UK: With the launch of Apple Pay for the iPhone 6 and Apple Watch, the payments industry could be witnessing the birth of the next big thing. Mobile payments have been on the cusp for some time now, but what about existing payment infrastructures.
Should merchants and retailers move to Payment Card Industry (PCI) point-to-point encryption as they are being urged or should they wait a bit longer to see which way the market moves.
Tim Holman, CEO of 2-Sec, one of Europe’s leading Quality Security Assessors (QSA) and Iain High, CEO of Anderson Zaks, an independent Payment Services Provider, debate the issues.
High said there is currently a lot of discussion about the benefits of point-to-point-encryption (P2PE), with many merchants being encouraged to adopt this latest standard from PCI. However, P2PE is not mandatory and nor is it likely to become so, so why would merchants even consider it. What is in it for them?

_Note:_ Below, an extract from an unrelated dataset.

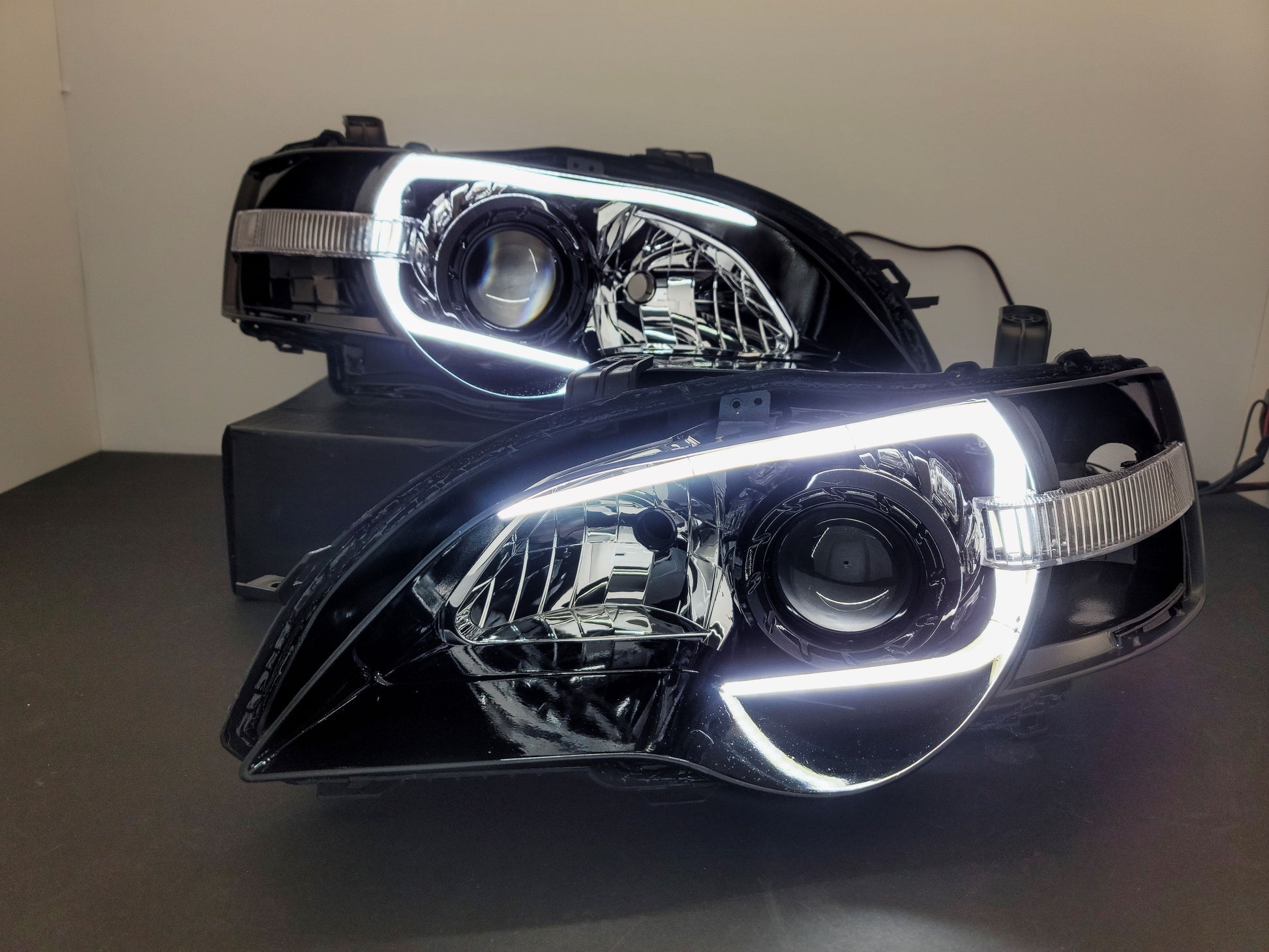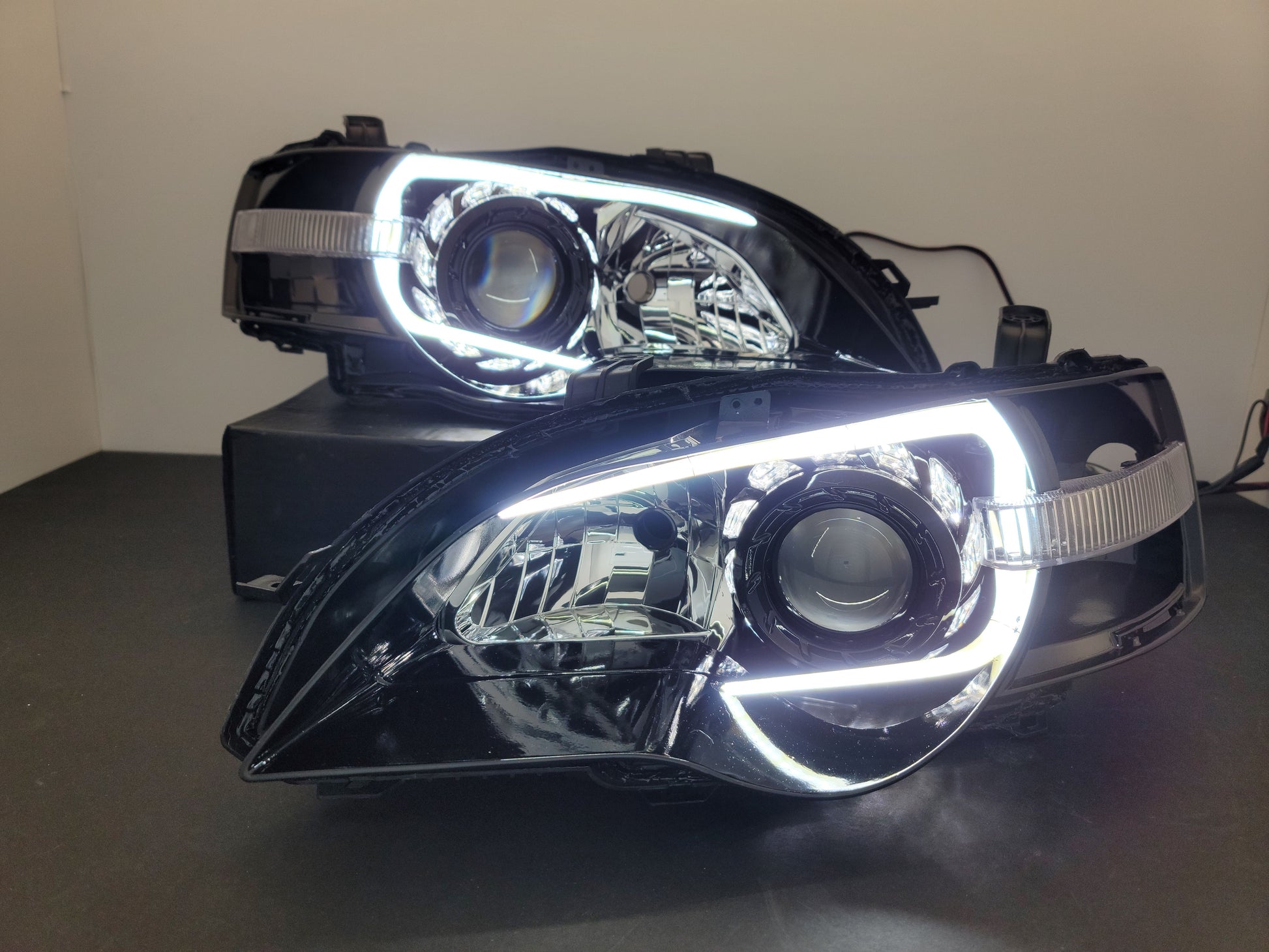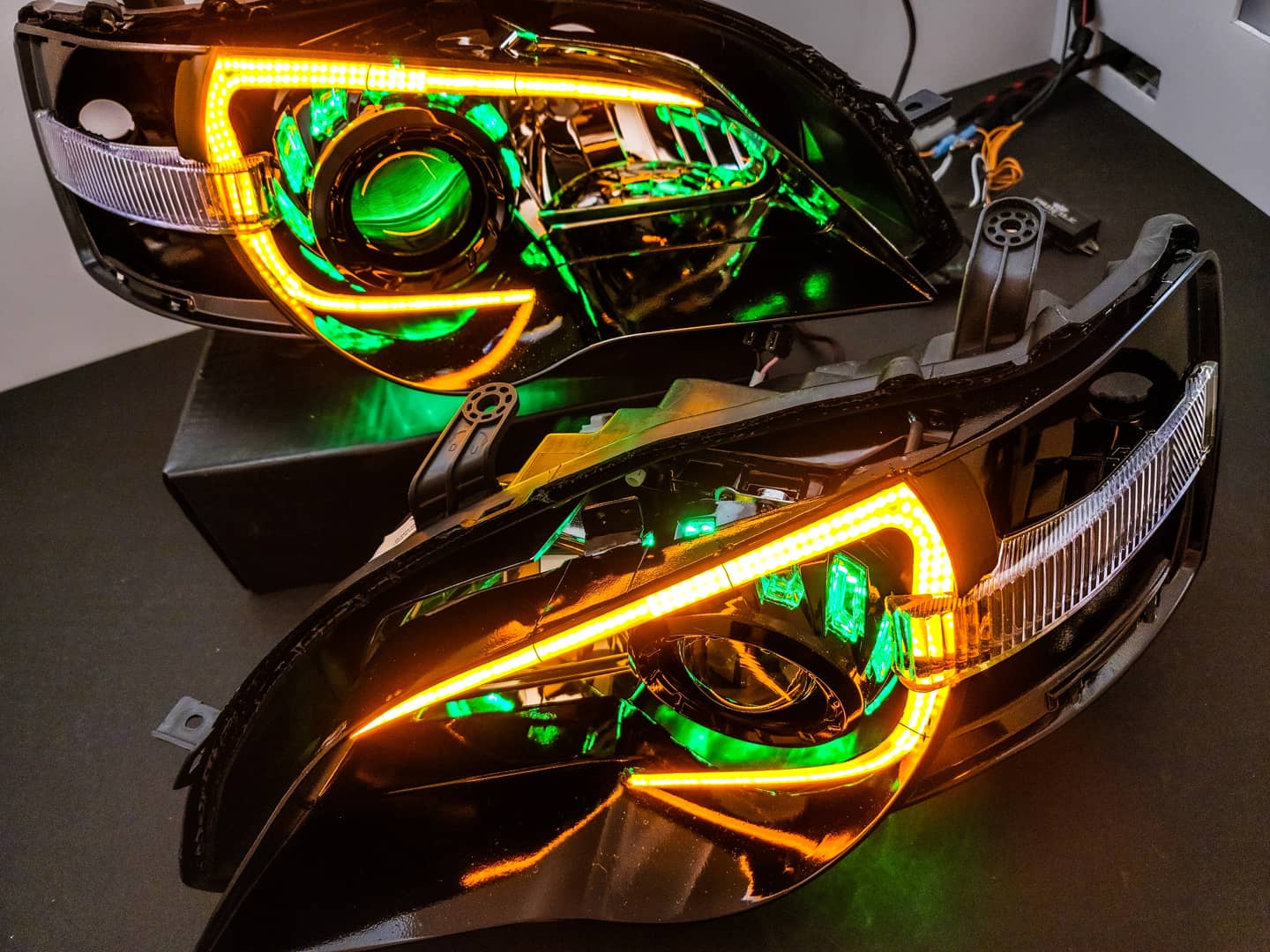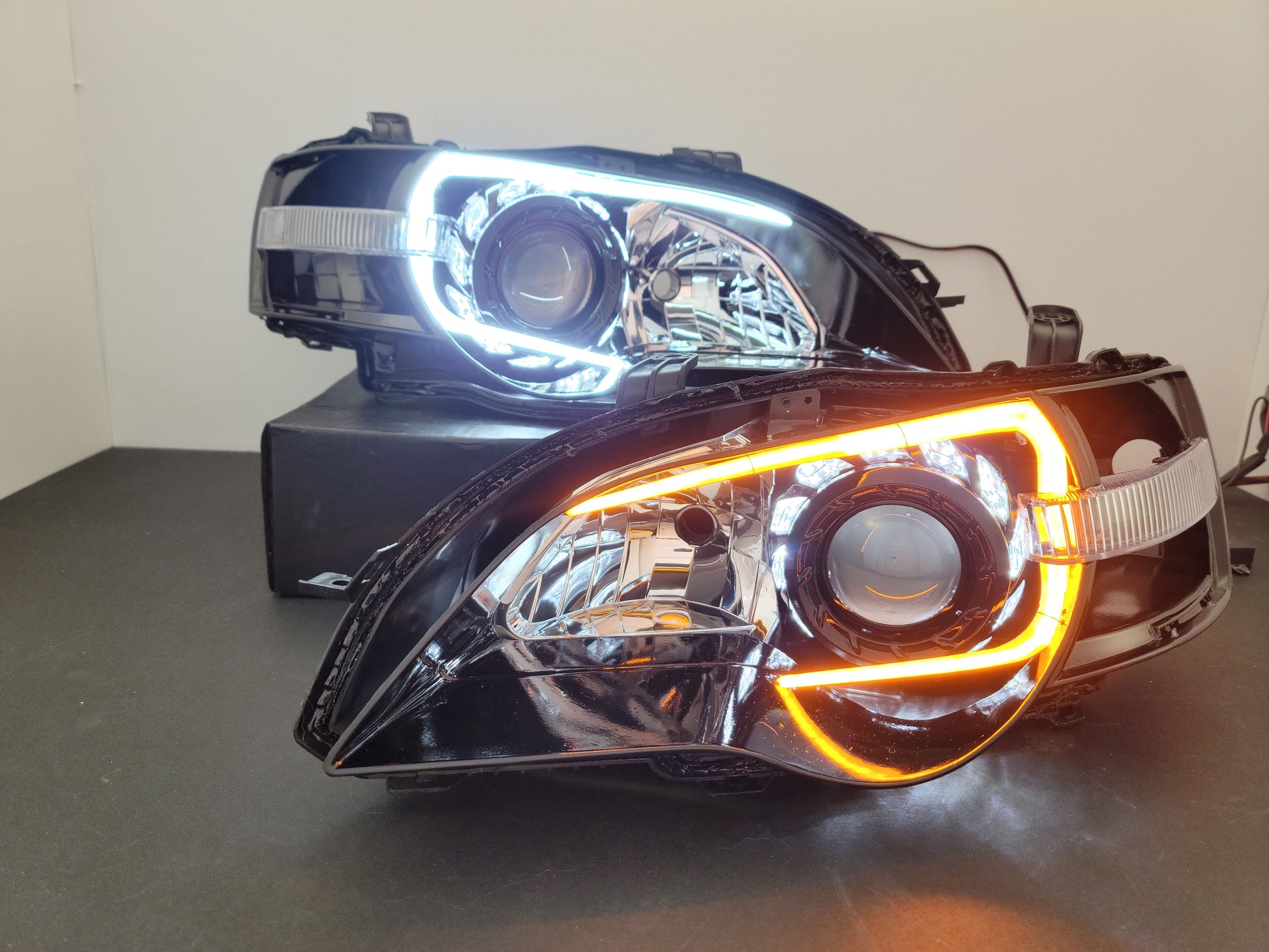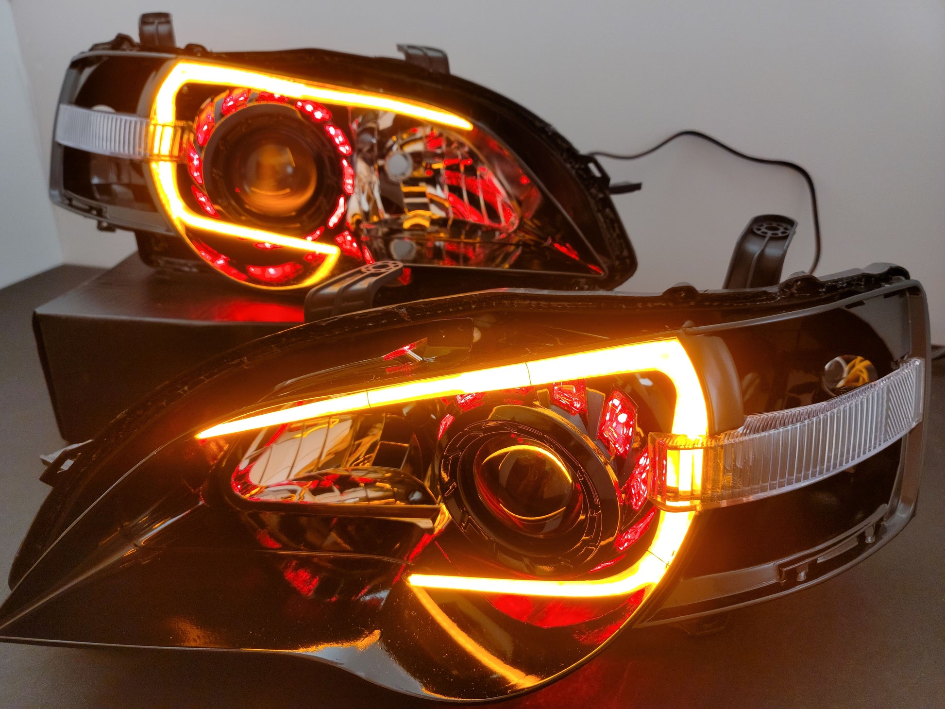 Custom retrofitted headlights for Subaru Legacy/Outback models.

Holman added that if deployed correctly a P2PE solution will de-scope a merchant’s stores from PCI Data Security Standard (PCI DSS) and help to eliminate the risk of card data loss in store, though there is a cost associated and merchants need to think carefully about the actual benefits they will achieve.

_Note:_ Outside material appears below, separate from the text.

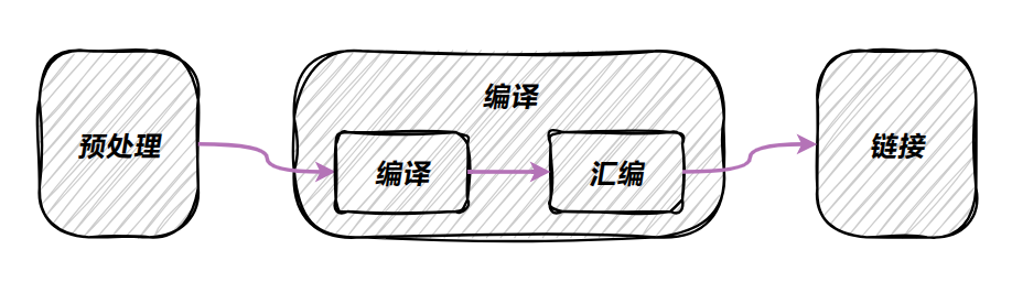 对于上述 8 个阶段,通常步骤 1-4 被称为**"预处理"** ,步骤 5-7 被称为**"编译",步骤 8 被称为"链接"**,其中 ++编译++ 通常会被进一步的处理为 ++编译++ 和 ++汇编++ 2 个子阶段。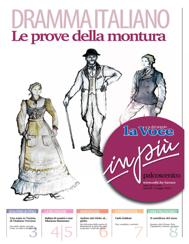 DRAMMA ITALIANO Le prove della montura la Voce del popolo la Voce del popolo palcoscenico www.edit.hr/lavoce Anno 10 • n. 84 martedì, 6 maggio 2014 UNAUTOREUNTITOLO Una notte in Tunisia, di Vitaliano Trevisan LA RECENSIONE ANNIVERSARI A PROPOSITO DI... Ballata di uomini e cani Filumena Marturano Amleto dal Globe al... globo Carlo Goldoni Nel 450.esimo della nascita di Shakespeare la pièce due anni in giro per i teatri del mondo Vita, aneddoti, curiosità 3 4|5 Una delle ultime notti di Craxi, in esilio a Hammamet 6 CARNETPALCOSCENICO Il cartellone del mese 7 8 Quattro città (Fiume, Pola, Capodistria, Trieste), sei teatri 2 martedì, 6 maggio 2014 DRAMMA ITALIANO... palcoscenico la Voce del popolo di Gianfranco Miksa «IBOTONIDELAMONTURA» Erano altri tempi STORIE DI BODOLI, DALMATI, ISTRIANI... DELL’EPOCA FELIX, TRATTE DALLE «MALDOBRIE» DI LINO CARPINTERI E MARIANO FARAGUNA. REGIA DI GIORGIO AMODEO. FIRMA I COSTUMI MANUELA PALADIN ŠABANOVIĆ (IN PRIMA LE BOZZE) L’ epoca “felix”, ossia “felice” dell’Austria-Ungheria, quando su un grande territorio come quello dell’Impero bicipite vivevano genti differenti per etnia, credo religioso, lingua, usi e costumi. Popoli che vivevano uniti e relativamente in pace sotto la bandiera del commercio, del progresso, del benessere materiale. Ovviamente non si può affermare che questi popoli si amassero alla follia, ma perlomeno si comprendevano a meraviglia in virtù degli affari che dovevano concludere l’uno con l’altro e proprio per questo parlavano un’idioma comune, la lingua “franca” dei traffici, quello splendido istro-veneto marinaro infarcito soprattutto di termini slavi e tedeschi, ma anche francesi, ebraici, greci e di etimologia latina. Insomma, di tutto ciò è rimasta una patina di romantica nostalgia, di eterno rimpianto. Ora questa patina di altri tempi viene evocata al Dramma Italiano del Teatro nazionale croato “Ivan de Zajc” di Fiume con la commedia “I botoni de la montura”, appartenente al magico mondo delle celeberrime “Maldobrìe” di Lino Carpinteri e Mariano Faraguna. È una commedia in dialetto istroveneto, adattata per l’occasione da Giorgio Amodeo che ne cura pure l’aspetto registico. Attore e regista triestino, esperto di teatro per l’infanzia, è conosciuto al pubblico della Comunità nazionale italiana – e non solo, ovviamente – per avere allestito in precedenza le fiabe di “Mille e una notte”, “Bonaventura veterinario per forza” e “Mini & Maxi”; inoltre, lo ricordiamo anche nelle vesti di protagonista delle pièce “Somewhere City”, di Goran Lelas, e dell’applauditissima “Camere da letto”, commedia brillante di Alan Ayckbourn. Questo suo nuovo spettacolo debutterà il 21 maggio allo “Zajc”, dopodiché è prevista a giugno una tournée in Istria. L’adattamento intitolato “I botoni de la montura” vede impegnati in scena gli attori della compagnia di prosa in lingua italiana. Ovvero Bruno Nacinovich, Ivna Bruck, Giuseppe Nicodemo, Elena Brumini, Alida Delcaro, Leonora Surian, Neven Stipanov, Toni Plešić, Rosanna Bubola, Elvia Nacinovich e Lucio Slama. Tutti loro rappresentano una serie di storielle divertenti in cui si raccontano le vicende di “bodoli”, dalmati, istriani vissuti al tempo del vecchio Impero austro-ungarico, quando tutto doveva andare secondo le regole e un certo garbo comune, perché l’Austria era una Paese ordinato. La trama prevede come sempre numerosi personaggi, ognuno indaffarato in propri specifici problemi, dal vecchio Moise che litiga coi parenti e vuole cambiare paese, al prete che vuole elemosine più congrue dai suoi parrocchiani, al podestà tribolato dalla necessità di trovare in tempi brevi una sistemazione più consona al suo municipio, che è momentaneamente ospitato in un’ala della locale scuola elementare. Siamo vicini alla Prima guerra mondiale e il dispotico patriarca ha la felice intuizione di investire tutto il patrimonio familiare nella realizzazione della nave del futuro e battere la concorrenza degli armatori concorrenti... Ma i figli sono contrari. palcoscenico la Voce del popolo Un’idea nata diverso tempo fa CON IL REGISTA GIORGIO AMODEO UNO SCRITTORE UN TITOLO... martedì, 6 maggio 2014 Perché la scelta delle “Maldobrie”? “Perché Carpinteri & Faraguna sono due autori straordinari che rimandano al periodo dell’Austria in cui s’immagina che tutto fosse bello. Ovviamente la realtà era ben diversa, con l’austriaco considerato spesso come l’usurpatore, però nel ricordo nostalgico tutto si colora di rosa e tutto diventa piacevole. In questi racconti parliamo specificamente del nostro territorio con tutta la musicalità dovuta all’istroveneto che era una lingua di comunicazione veicolare”. Quali “Maldobrìe” vedremo in scena? “Sono quattro ‘Maldobrìe’ che abbiamo inserito in modo tale da non far capire dove inizia una storia e dove finisce l’altra. Si tratta de ‘L’avanzamento’, ‘Il testamento del vecio Moise’, ‘Il nuovo testamento’ e ‘Il pezzo del scartazin pei denti’. In realtà questo è un vecchio adattamento degli anni Duemila, che avevo realizzato con il Gruppo Teatrale per il Dialetto. Compagnia con cui difatti c’è la collaborazione anche per quest’allestimento, in quanto è la detentrice dei diritti del copione. Non è uno spettacolo a quadri che spesso caratterizzano le ‘Maldobrìe’, bensì un lavoro unico. Una storia con un inizio e una fine, e al cui interno ci sono tutte le varie vicende”. Qual è la storia? “La vicenda si svolge nel piccolo centro costiero di San Nicolò a Veglia, dove la tranquilla monotonia del paesino isolano viene turbata dall’arrivo inaspettato del vecchio Moise, ricchissimo e collerico proprietario terriero di Lussino, che ha abbandonato improvvisamente, dopo un litigio, i propri parenti per venire a stabilirsi sull’isola. Tra un episodio spassoso e l’altro ritroviamo coppie di sposi e occ

Most retailers are already working in a relatively low risk environment having invested heavily in EMV (which stands for Europay, MasterCard and Visa, and is a global standard for inter-operation of payment cards) with card schemes such as Visa encouraging the Technology Innovation Program (TIP) approach.

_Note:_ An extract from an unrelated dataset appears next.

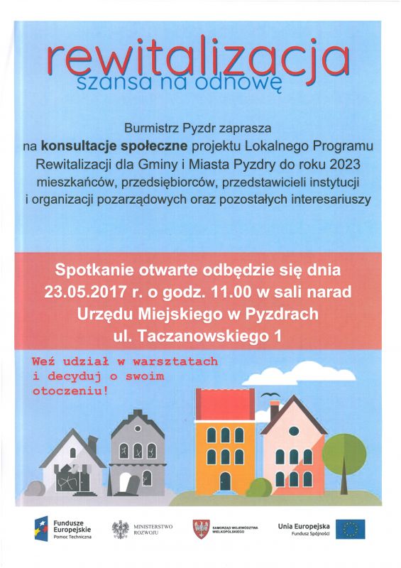 Burmistrz Pyzdr zaprasza na warsztaty rewitalizacyjne mieszkańców, przedsiębiorców, przedstawicieli instytucji i organizacji pozarządowych oraz pozostałych interesariuszy w ramach opracowywanego Lokalnego Programu Rewitalizacji dla Gminy i Miasta Pyzdry do roku 2023

For retailers starting from scratch, I would say that P2PE is worth considering, but to justify replacing an infrastructure (PIN Entry Devices should last between 5 and 10 years) that is reasonably secure and compliant, there needs to be a more compelling business reason. Indeed several high profile retailers are currently ripping out perfectly good solutions to install P2PE solutions for no real business benefit.